La Comisión Europea ha pedido a España que acelere la inversión en redes eléctricas, almacenamiento e interconexiones para sacar al sistema del denominado modo de operación reforzada. El aviso forma parte de las recomendaciones del Semestre Europeo publicadas este miércoles 3 de junio.
España debe mejorar la resiliencia y flexibilidad de su red eléctrica. Bruselas considera que el país necesita más capacidad para integrar renovables, reducir cuellos de botella y reforzar la estabilidad del sistema tras el apagón del 28 de abril de 2025.
El diagnóstico europeo apunta a una tensión estructural: la expansión renovable avanza más rápido que la capacidad de red y almacenamiento. La Comisión recuerda que España aspira a 22,5 gigavatios de almacenamiento en 2030, pero los proyectos previstos elevarían la capacidad solo hasta 14,2 gigavatios.
El coste del modo reforzado
La Comisión señala que Red Eléctrica de España (REE) recurre a un mayor uso de centrales de gas para mantener la estabilidad de tensión mientras llegan nuevas reformas e inversiones. REE forma parte de Redeia, compañía presidida por Beatriz Corredor Sierra.

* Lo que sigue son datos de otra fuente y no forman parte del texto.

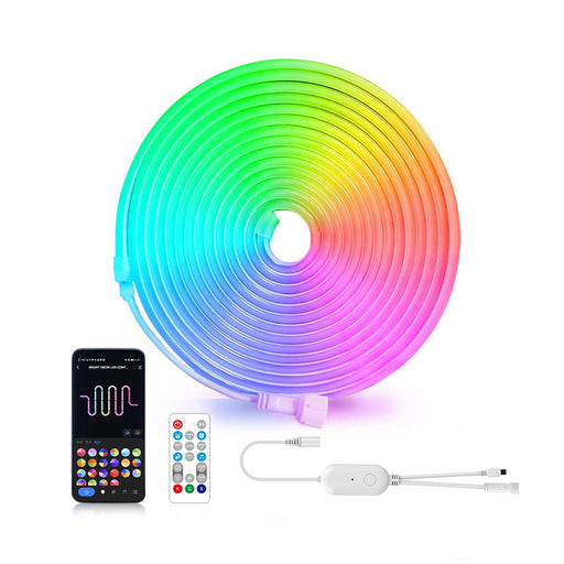 Neon RGBIC Magic Color LED Strip with wifi music smart APP control has dreamcolor LED and works with Alexa and Google Assistant. It is made of sili...

El informe también conecta este esquema con el precio de la energía. Bruselas constata que la electricidad para los hogares subió en la primera mitad de 2025, aunque se mantuvo por debajo de la media europea. Para las grandes empresas, la electricidad resultó 2,7 veces más cara que el gas.
La paradoja aparece en el mercado mayorista. España registró en 2025 el cuarto precio medio mayorista más bajo de la Unión Europea, con 66 euros por megavatio hora, gracias al peso de la energía limpia. Sin embargo, los precios diarios subieron un 7% por el encarecimiento del gas.
Redes, almacenamiento e industria
Bruselas no cuestiona el avance renovable. Reclama que la infraestructura eléctrica crezca al mismo ritmo. La Comisión advierte de que los problemas de acceso a la red y la dificultad para convertir permisos en proyectos operativos ralentizan la transición energética.
El informe también señala otro punto débil: las interconexiones eléctricas. España mantiene una capacidad transfronteriza del 3,11%, muy lejos del objetivo del 15% marcado para 2030.
La Comisión vincula este retraso con la competitividad industrial. Los procesos administrativos complejos y la falta de medidas de gestión de la demanda pueden frenar las inversiones necesarias para descarbonizar la producción manufacturera.
El mensaje para España
El aviso de Bruselas deja una conclusión clara: España necesita convertir su ventaja renovable en una ventaja industrial y energética. Para lograrlo, debe invertir en transmisión, distribución, almacenamiento e interconexiones, y reducir la dependencia operativa del gas en momentos de tensión del sistema.